> _Aim of the task_: Repeat the listing word for word, but skip any pictures.

> _Information supplied_:
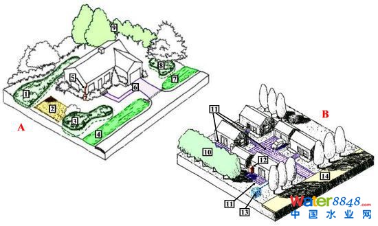 B 10. 密林保護(hù)區(qū);11. 可滲水鋪裝;12、13. 雨水收集器(常用于高密度住宅區(qū))14. 道路交通的處理手法
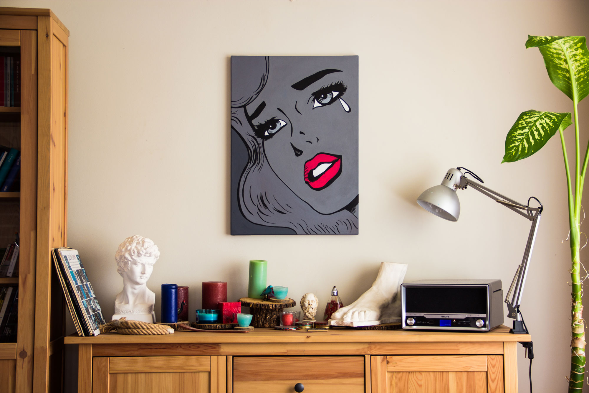 Pop art stilinde, referans görsellerden yola çıkılarak akrilik boya ile tuval üzerine hazırlanmış el yapımı bir çalışmadır.
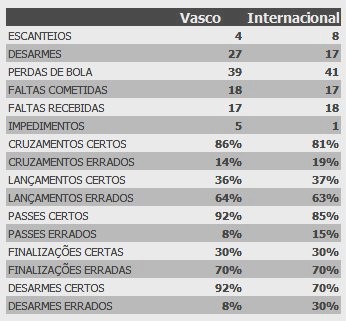 Gaúchos e cariocas voltam a jogar no próximo domingo. O Inter recebe o Atlético-PR, no Beira-Rio, às 16h. Às 18h30m, o Vasco visita o Botafogo, no Engenhão.
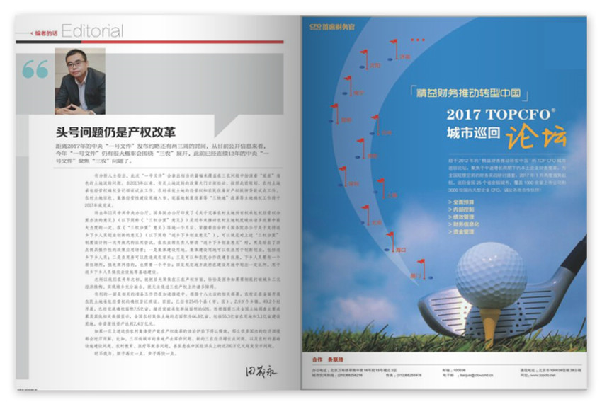《首席財務官》雜志是目前CFO領域內覆蓋為廣泛的、規模較大的、公開出版的大型部級專業期刊,自創立以來深受涵蓋國企、本土及海外上市公司、民營企業和外資企業的CFO們所喜愛,發行量高達16.2萬份,是該領域內發行量和出版規模較大的雜志。

> _Answer to this exercise_:
 B 10. 密林保護(hù)區(qū);11. 可滲水鋪裝;12、13. 雨水收集器(常用于高密度住宅區(qū))14. 道路交通的處理手法
 Pop art stilinde, referans görsellerden yola çıkılarak akrilik boya ile tuval üzerine hazırlanmış el yapımı bir çalışmadır.
 Gaúchos e cariocas voltam a jogar no próximo domingo. O Inter recebe o Atlético-PR, no Beira-Rio, às 16h. Às 18h30m, o Vasco visita o Botafogo, no Engenhão.
《首席財務官》雜志是目前CFO領域內覆蓋為廣泛的、規模較大的、公開出版的大型部級專業期刊,自創立以來深受涵蓋國企、本土及海外上市公司、民營企業和外資企業的CFO們所喜愛,發行量高達16.2萬份,是該領域內發行量和出版規模較大的雜志。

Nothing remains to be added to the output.